Alasdair Neale, Gil Shaham, and Jian Wang reunite for the SVSS


By ADAM TANOUS
Express Staff Writer

The top musicians in the world tend to live intertwined lives. Their paths often cross early in life when the musical world first identifies their abilities.

The young and talented are funneled toward the same great instructors, schools, recitals, and symphonies. Such is the experience of Gil Shaham and his two old friends, cellist Jian Wang and conductor Alasdair Neale.

Neale and Shaham, recently spoke with a reporter about each other, music and the Sun Valley Summer Symphony.

When Shaham, considered by many professionals as one of the best violinists in the world, performs with the Sun Valley Summer Symphony tomorrow it will be the first time he has visited here. He will perform with Wang—under the direction of Neale, the associate conductor of the San Francisco Symphony. Both men have figured heavily in Shaham’s musical world.

Wang, now 31, was 10 years old when he was featured in the documentary film, "From Mao to Mozart: Isaac Stern in China." With Stern’s support, Wang was able to come to the United States to study music.

Home in New York City between concert appearances in Tanglewood and Switzerland, Shaham spoke on the telephone with a reporter. He was excited to make his first appearance in Sun Valley. He described his upcoming concert with the SVSS as "really a concert with old friends."
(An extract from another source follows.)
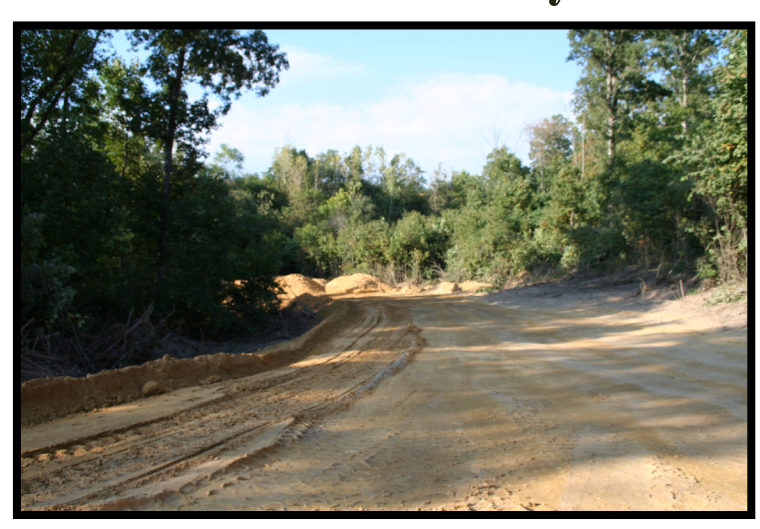
This picture was taken in September of 2013. Can you guess which hole it is now?

When Shaham was "12 or 13" and a member of the youth orchestra at the Juilliard School, the internationally renowned school of performing arts in New York City. Alasdair Neale, this year’s SVSS music director, was his conductor. They became friends there and have been in touch ever since. Shaham said that he learned a tremendous amount from Neale.

Neale, for his part, vividly remembers meeting Shaham.

Talking from his hotel room in Aspen, Colo., where he is performing in the Aspen Music Festival, Neale said, "The very first time I heard Gil play, (Shaham was 12) I knew he was going to be one of the world’s great violinists."

Asked what qualities he would look for in a world class musician and, in fact, saw in the young Shaham, Neale said, "beautiful sound, playing in time and in tune, and that indefinable quality of musicianship—being able to communicate something special to you as they are playing."

It is apparent that Shaham had this quality even before meeting Neale. When Shaham first began studying the violin in Israel, he was 7 years old. Very quickly, he was granted scholarships and, in 1981, earned debuts with the Jerusalem Symphony and the Israel Philharmonic. By 1982, he was studying with music instructors Dorothy DeLay and Jens Ellerman at Aspen.

Shaham’s transition from child prodigy to prominence on the world stage of classical music was sudden, to say the least.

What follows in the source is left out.